– Думаешь, я буду беспокоиться, если ты забеременеешь в твоем возрасте и будешь ходить с огромным животом? Или, когда ты во время родов будешь орать от нестерпимой боли, потому что этот ребенок окажется слишком большим? Давай, становись беременной, – с вызовом проговорила она. – Возможно, с тобой случится то же, что и с твоей настоящей матерью, и мы, наконец, отделаемся от тебя.
Эмили повернулась и направилась к двери. Но вдруг остановилась.
– В следующий раз, когда он дотронется до тебя, убедись, что он сначала не трогал себя, – предупредила она, и я осталась стоять, охваченная ужасом. Меня трясло от волнения, и я быстро оделась.
Этим вечером после обеда, я тихо пошла в папин кабинет. Он был в отъезде по делам, поэтому я могла идти туда без опасения быть застигнутой врасплох. Я хотела узнать из книг о строении мужского тела и мужских органах размножения. Я хотела узнать, существует ли письменное подтверждение слов Эмили. Я ничего не нашла, но мне от этого не стало легче. Я была слишком напугана, чтобы спросить об этом маму, и я не знала никого, кроме Ширли Поттер, которой было известно все о мальчиках и сексе. Мои нервы были так натянуты и напряжены, что я не решилась спрашивать ее об этом.
На следующий день после ланча, как мы с Евгенией и загадывали, я помогла ей сесть в инвалидное кресло, и мы поехали на нашу, ставшую уже обычной, прогулку. Эмили поднялась к себе, мама со своими подругами обедала у Эммы Уайтхолл, а папа все еще не вернулся из своей деловой поездки в Ричмонд.
Когда я поднимала Евгению с кровати, чтобы посадить ее в кресло, то, неожиданно отметила, что ее тело оказалось легким, воздушным, словно пушинка. Ее глаза глубоко запали, а губы были еще бледнее, чем несколько дней тому назад. Но в ней было столько энтузиазма, что недостаток силы не был препятствием для нее, а отсутствие энергии она возмещала восторгом.

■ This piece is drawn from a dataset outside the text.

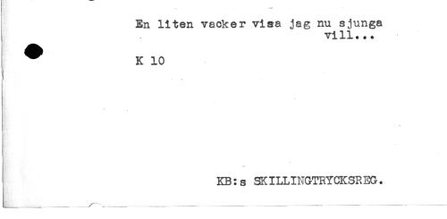 //// En liten vacker visa jag nu sjunga //// vill... //// ^ K 10 //// t //// KB:s SKILLINGTRYCKSREG. //// _____ ___ - ___ ___ - - - - - ----- ////

Я медленно катила ее по дороге, притворяясь, что нас интересуют розы Чероки и фиалки. Дикая яблоня стояла, окутанная темно-голубым облаком распустившихся бутонов. В полях, окружающих нас, заросли цветущей дикой жимолости выглядели как бело-розовый ковер. Голубые сойки и птицы пересмешники, казалось, так же, как и мы, взволнованы нашим рискованным мероприятием. Они перелетали с ветки на ветку, следуя за нами всю дорогу. Вдали на небосклоне строй из маленьких пуховых облаков плыл белым караваном от одного края неба к другому. Воздух был такой теплый, а небо такое синее. Мы не могли и мечтать о лучшем весеннем дне для прогулки. Уж если сама природа поднимала нам настроение, то этот день уже нельзя ничем испортить, думала я. Казалось, Евгения думает так же, обращая внимание на каждый звук или предмет, когда я катила ее вперед по дороге.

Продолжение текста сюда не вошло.